It's getting worse:
- Slashdot: Ray LaHood et al want to digitally enforce the "distracted driving problem."
- Gizmodo: Only 3 percent of Americans think it should be legal to text and drive.
- Wall Street Journal: NYC cracks down on cabbies on cellphones.
- Why do Americans have such a hard-on for telling others what to do? Is the whole world this holier than thou?
- NYC: help me understand where exactly cabbies are supposed to pull over.
- Our drivers exams are some of the easiest in the world...
- We start playing bumper cars at the first sign of precipitation...
- Left lane blocking, the rudest faux pas imaginable in the civilized world, is de rigeur in the US.
LaHood's proposed solution to this newly invented epidemic?
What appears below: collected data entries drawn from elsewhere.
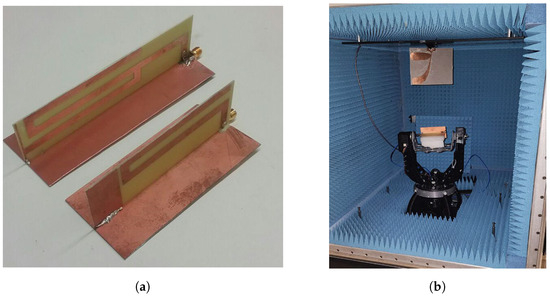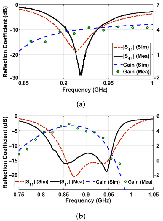 Figure 8a shows fabricated prototypes of the proposed narrow-band and wide-band monopole antennas for UHF RFID sensing applications. To examine the performance of the proposed antennas, the reflection coefficients of the fabricated antennas are first measured by a Vector Network Analyzer (VNA). As shown in Figure 9, the measured bandwidth of the proposed narrow-band antenna is from 902 MHz to 939 MHz (%4), which covers the desired RFID band of North America. The antenna pattern measurement tests were conducted in a near-field anechoic chamber, as shown in Figure 8b. The test setup included a precision scanning system and a vector network analyzer that collected the antenna’s electromagnetic field in the near-field. The far-field radiation pattern of the antenna was calculated using the collected near-field data and a transformation algorithm. The gain plot shows that the gain at the center frequency is 4.2 dB for the narrow-band antenna and is 4.9 dB for the wide-band one. Thus, the realized gains could be easily calculated by multiplying the gain plots by the efficiency plots of Figure 7, giving 4.0 dB for the narrow-band and 4.6 dB for the wide-band.
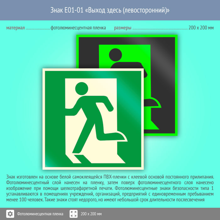 Знак E01-01 «Выход здесь (левосторонний)» (фотолюминесцентная пленка, 200х200 мм) в Омске купить
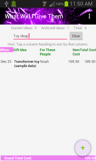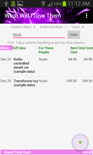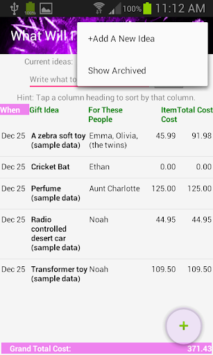 Since you can record the price of each gift idea, the app will show you how much money you are going to be spending, so you can watch your budget.
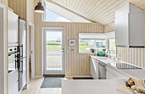 Your holiday home, located near the ferry port of Rødby, offers plenty of space for a large family and is the ideal base for exploring the beautiful island of Lolland. The inviting holiday home impresses with its stylish interior and spacious outdoor area. You can prepare meals together in the open-plan kitchen and enjoy them at the neighbouring dining table. The warm fire in the wood-burning stove creates a cosy atmosphere. Use the spacious garden for relaxing afternoons or to play various games and enjoy the fresh air.
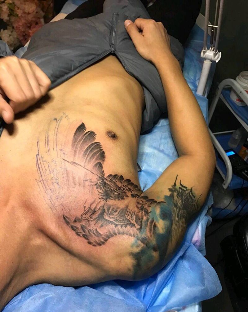 爱江山纹身图片_胸部国画原创成品纹身图案
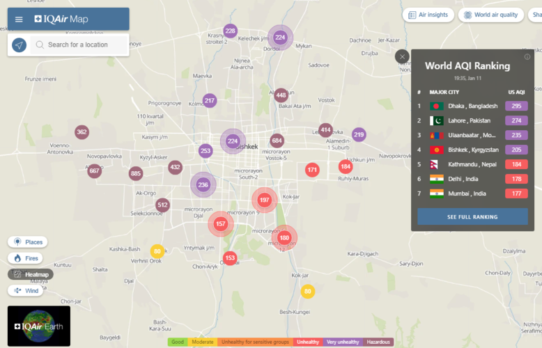 В рейтинге крупнейших городов мира по качеству воздуха World Air Quality Бишкек подялся на четвертое место.

There's an app for that. Don't worry, it's for your own good. Companies are popping up left and right advertising GPS-based phone-disabling apps for smartphones (some examples: ZoomSafer, CellControl, iZup). Makes you wonder who lobbied for all this it's good for you nonsense in the first place doesn't it?
Also remember, anytime you install anything on your smartphone (or anything for that matter), it just might be a trojan horse...
On another note, I'm in Helsinki, Finland this week, and took a cab ride across town a couple days ago right after their first snowstorm of the year. I think the cab driver drove faster than I remembered the others driving in the dry - Finns are all rally drivers at heart I guess. As he navigated his Volvo touring down the highway at 100km/h in the fresh snow, occasionally dialing in opposite lock with his left hand, he continued nonchalantly typing inputs on the taxi-information touch screen using his right. Distracted? LaHood would think so. Able to drive 10x better than most Americans could dream of with their hands at 10 and 2 and all their energy focused on the task at hand? Believe it...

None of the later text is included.